CA : Nous avons associé la EDF Pulse Africa Factory qui va prendre le relai du concours pendant un an et permettre aux projets d’être plus mature. A partir de Janvier 2022, EDF Africa Pulse Factory prendra le relai, et permettra aux start-ups de dépasser le stade du projet.

Vous êtes également le fondateur de SPIMAC, une agence marketing dédiée à l’accompagnement des acteurs du sport. Est-ce que finalement le fait de garder cette agence vous permet de garder un pied dans votre première passion ?

CA : J’ai passé cette étape. Je me suis préparé à l’après carrière mais ce qui m’a animé pendant celle-ci c’est d’avoir toujours été mon propre conseiller, mon propre agent. Ça m’a toujours intéressé de savoir ce qui se passait derrière et je me suis toujours dit que lorsque j’allais arrêter ma carrière de footballeur, je devais m’occuper des sportifs de haut niveau. Je dis souvent aux sportifs « soyez acteurs de votre carrière, ne soyez pas spectateurs.
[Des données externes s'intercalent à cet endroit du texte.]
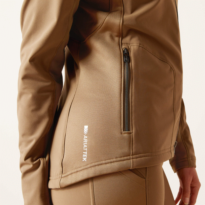 Ariat Boreas jakke er en super lækker funktionel sweatshirt type jakke med lynlås. Materialet er teknisk - en kombination af blødt og strækbart materiale samt et behageligt og strækbart vand- og vindafvisende materiale. Ariat Boreas er velsiddende og en super let jakke til kølige og blæsende dage. Boreas er vind- og vandafvisende og foret med lækker blød børstet fleece, som holder dig varm. Boreas er i stretchy og behagelig kvalitet og en overdel som giver masser af mulighed for komfort og bevægelighed i sadlen såvel som under staldarbejde eller anden motion.

Nul n’est censé ignorer la loi. » Ce n’est pas parce qu’on n’a pas fait d’études de droit qu’on ne peut pas lire un contrat. On a souvent le réflexe en tant que sportif de se dire que l’agent s’occupe de tout. Le leitmotiv de SPIMAC c’est d’être proche des acteurs du sport dans les domaines du marketing, et de la communication mais aussi développer le sport business en Afrique. Ce que j’essaye de faire, c’est d’utiliser le sport pour renverser un peu la tendance.